◆ **Description of the task**
From the first line of the listing below, retype each line up to and including the one with "为确保学习贯彻习近平新时代中"; pictures stay out.

*** Dataset content ***

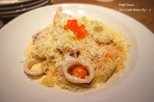 整體搭配上真的很美,海鮮也給的很大方,雖然是用蘇維儂白酒(但是不含酒精),應該就是料理用的白酒所以酒精濃度也不會太高,加上煮食的過程也都蒸發了,不敢喝酒的人可以放心嚐試,裡面還有現剝的帶殼蝦、近海新鮮小卷、日本來的鮭魚卵、法國 Isigny鮮奶油及蒜味白醬、現刨原塊帕瑪森起司。
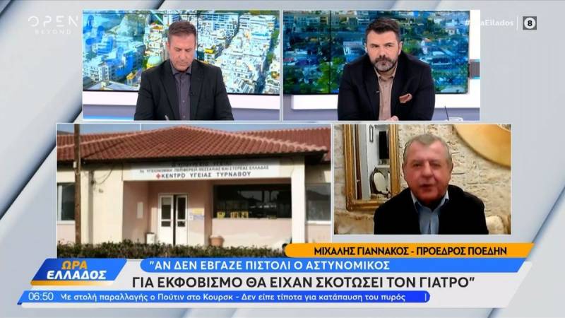 Σκηνές ακραίας βίας εκτυλίχθηκαν στο Κέντρο Υγείας Τυρνάβου, όταν ομάδα Ρομά επιτέθηκε σε γιατρούς και αστυνομικούς, με αποτέλεσμα να τραυματιστούν 5 άτομα, αναφέρει ο πρόεδρος ΠΟΕΔΗΝ Μιχάλης Γιαννάκος.
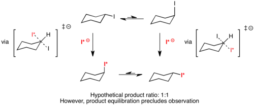Ernest L. Eliel propôs que a reação hipotética de iodeto de ciclo-hexil com iodeto radiomarcado resultaria em um estado de transição completamente simétrico.[12] Como os conformes substituídos equatorial e axial reagiriam através do mesmo estado de transição, ΔΔG ‡ seria igual a zero. Pelo princípio de Curtin-Hammett, a distribuição dos produtos deve então ser substituída na posição axial em 50% e substituída na posição equatorial em 50%. No entanto, o equilíbrio dos produtos impede a observação desse fenômeno.
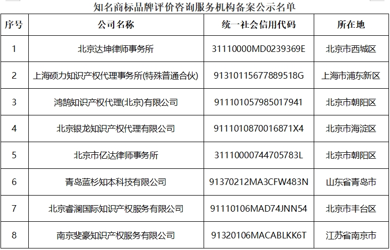 根据中华商标协会《知名商标品牌评价工作管理办法》《知名商标品牌评价咨询服务机构备案管理办法》有关规定,以下知名商标品牌评价咨询服务机构已向我会提交从事知名商标品牌评价咨询服务工作的备案申请,经初步审核基本符合备案条件,现予以公示。
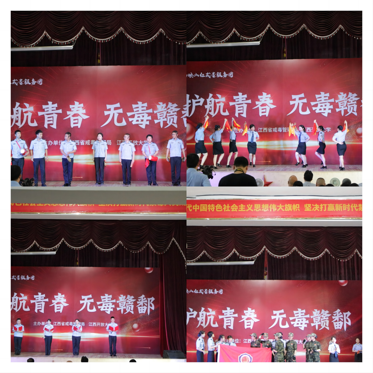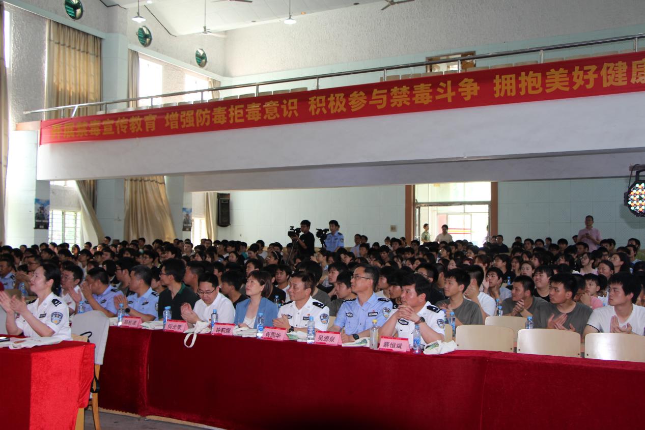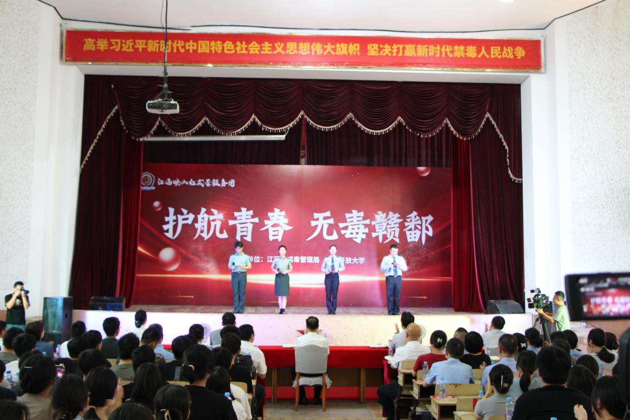 为确保学习贯彻习近平新时代中国特色社会主义思想主题教育取得实效走在前列,进一步践行为民服务宗旨,延伸戒治服务触角,促进全社会形成浓厚禁毒氛围,6月19日下午,由开云在线登录入口(China)官方网站、江西省戒毒管理局联合举办的江西“映山红”戒毒服务团成立仪式暨“护航青春 无毒赣鄱”校园行专场禁毒宣传活动,在我校青云谱校区人文与健康学院顺利举行。学院党委书记梅甜甜,党委副书记、纪委书记王松华、团学科负责人与600余名师生出席活动。
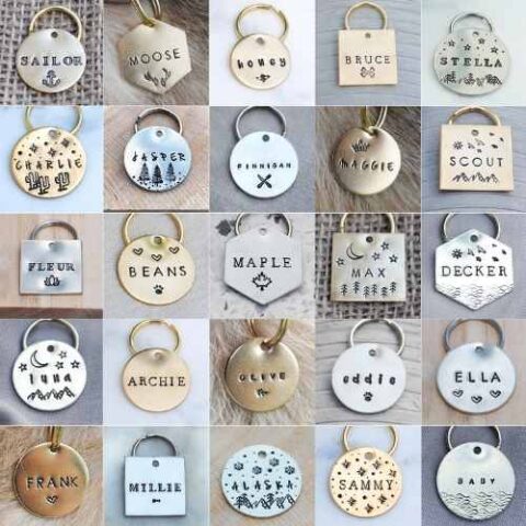 These hand stamped dog tags are the perfect addition to your pet’s wardrobe. These ID tags feature your pet’s name, as well as a unique design on the front. You can also choose to add your phone number to the back of the tag - just in case your pup ever decides to take off on an adventure. **In the CART notes at checkout, please include your pet's name, the font you would like, Design and phone number (if you would like it included)**
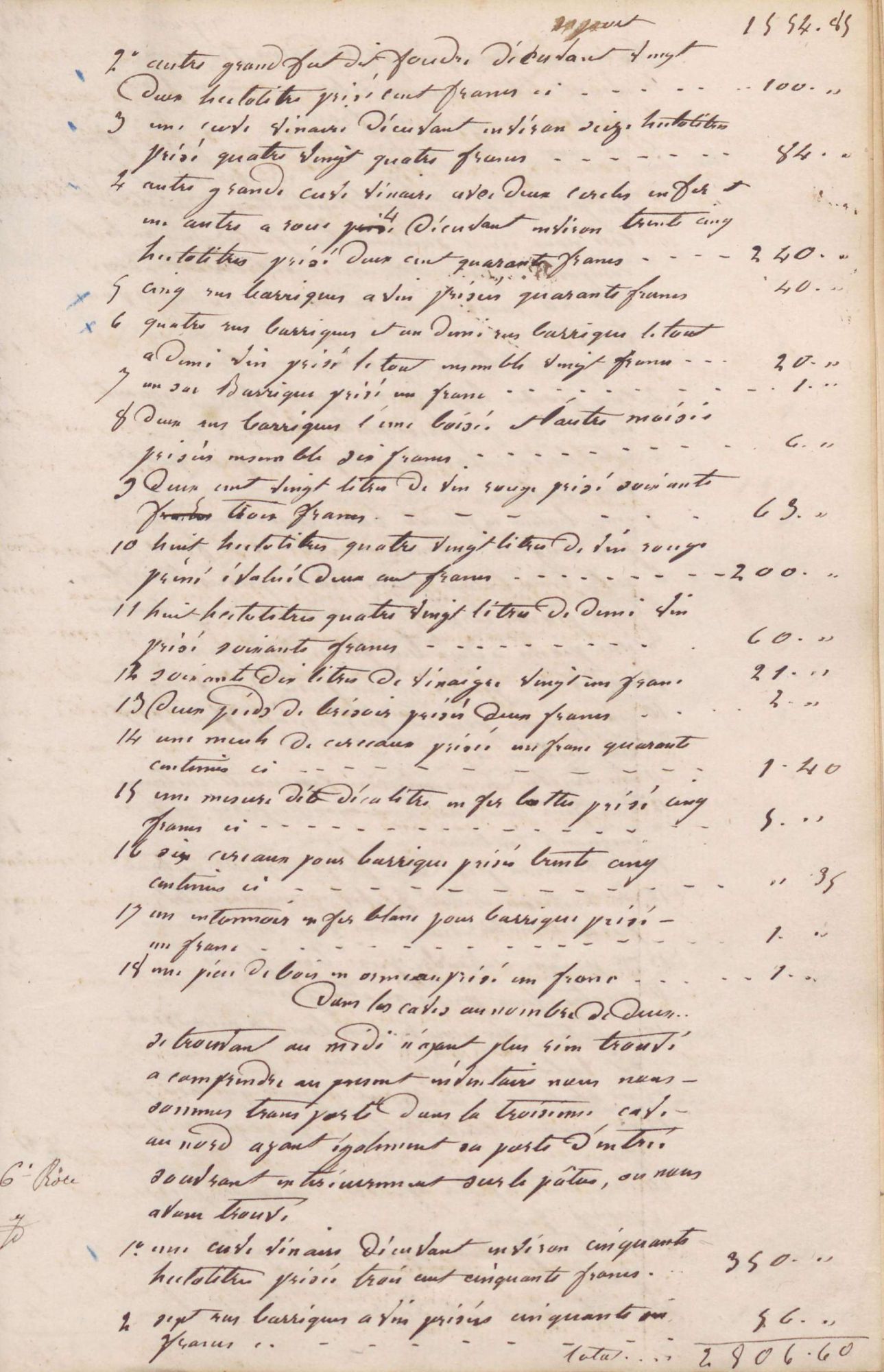 25- Prix de la récolte de vin de l’année vendu par la veuve depuis le décès de Labro Joseph et qui est reconnu par toutes les parties : 2 246 F
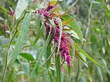 Chenopodium formosanum is known in the Paiwan language as djulis. In Chinese it is known as 紅藜 (simplified 红藜, literally "red goosefoot", Mandarin hónglí). It is also known as red quinoa.[1] Note that the name "red goosefoot" is also used for the related species Oxybasis rubra.
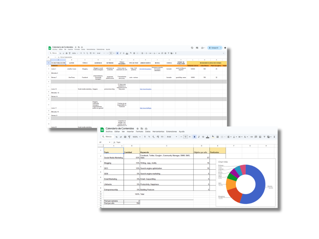 - Estrategia de contenidos + Calendario semanal.
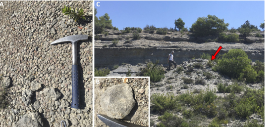 Figure 2. A) Detail of the nummulite beds in the Santa Maria de Buil area. B) Coral colony. C) Coral biostromes close to the top of the nummulite sequences.
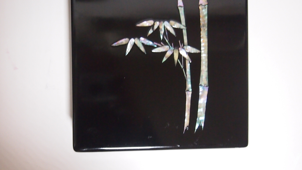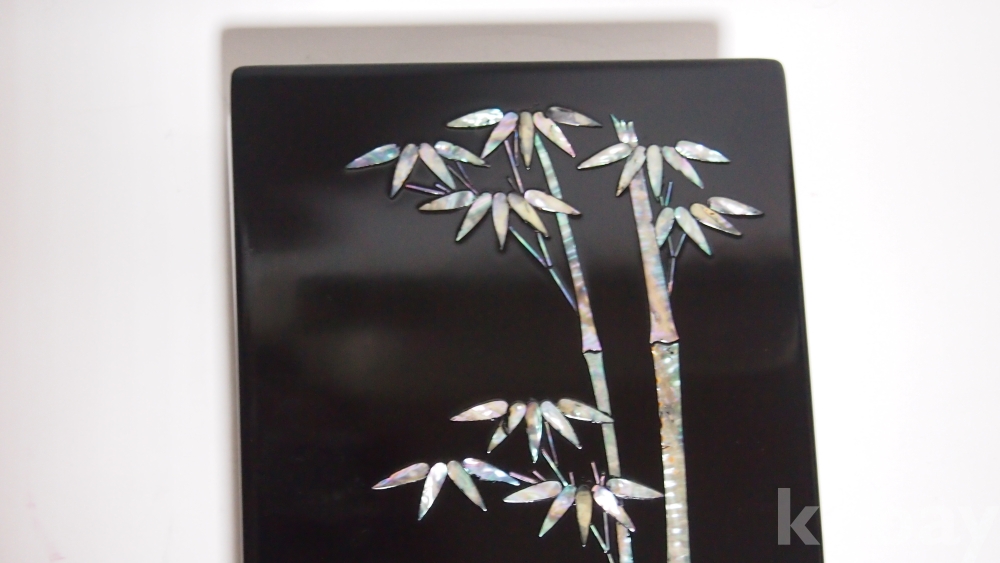 자개는 현재 진주패·야광패·멕시코패·홍패 등 수입품이 많아서 주름질이 한층 다채로워진 편인데, 오히려 나전이 안고 있는 과제는 자개라는 재료의 문제보다도 목물(木物)에서 문양 장식에 이르는 의장상의 안목에 있으며, 또 좋은 칠을 정제하여 자급하는 문제 등이라 할 수 있습니다.

*** End of Dataset content ***

◆ **Reply to the exercise**
 整體搭配上真的很美,海鮮也給的很大方,雖然是用蘇維儂白酒(但是不含酒精),應該就是料理用的白酒所以酒精濃度也不會太高,加上煮食的過程也都蒸發了,不敢喝酒的人可以放心嚐試,裡面還有現剝的帶殼蝦、近海新鮮小卷、日本來的鮭魚卵、法國 Isigny鮮奶油及蒜味白醬、現刨原塊帕瑪森起司。
 Σκηνές ακραίας βίας εκτυλίχθηκαν στο Κέντρο Υγείας Τυρνάβου, όταν ομάδα Ρομά επιτέθηκε σε γιατρούς και αστυνομικούς, με αποτέλεσμα να τραυματιστούν 5 άτομα, αναφέρει ο πρόεδρος ΠΟΕΔΗΝ Μιχάλης Γιαννάκος.
Ernest L. Eliel propôs que a reação hipotética de iodeto de ciclo-hexil com iodeto radiomarcado resultaria em um estado de transição completamente simétrico.[12] Como os conformes substituídos equatorial e axial reagiriam através do mesmo estado de transição, ΔΔG ‡ seria igual a zero. Pelo princípio de Curtin-Hammett, a distribuição dos produtos deve então ser substituída na posição axial em 50% e substituída na posição equatorial em 50%. No entanto, o equilíbrio dos produtos impede a observação desse fenômeno.
 根据中华商标协会《知名商标品牌评价工作管理办法》《知名商标品牌评价咨询服务机构备案管理办法》有关规定,以下知名商标品牌评价咨询服务机构已向我会提交从事知名商标品牌评价咨询服务工作的备案申请,经初步审核基本符合备案条件,现予以公示。
 为确保学习贯彻习近平新时代中国特色社会主义思想主题教育取得实效走在前列,进一步践行为民服务宗旨,延伸戒治服务触角,促进全社会形成浓厚禁毒氛围,6月19日下午,由开云在线登录入口(China)官方网站、江西省戒毒管理局联合举办的江西“映山红”戒毒服务团成立仪式暨“护航青春 无毒赣鄱”校园行专场禁毒宣传活动,在我校青云谱校区人文与健康学院顺利举行。学院党委书记梅甜甜,党委副书记、纪委书记王松华、团学科负责人与600余名师生出席活动。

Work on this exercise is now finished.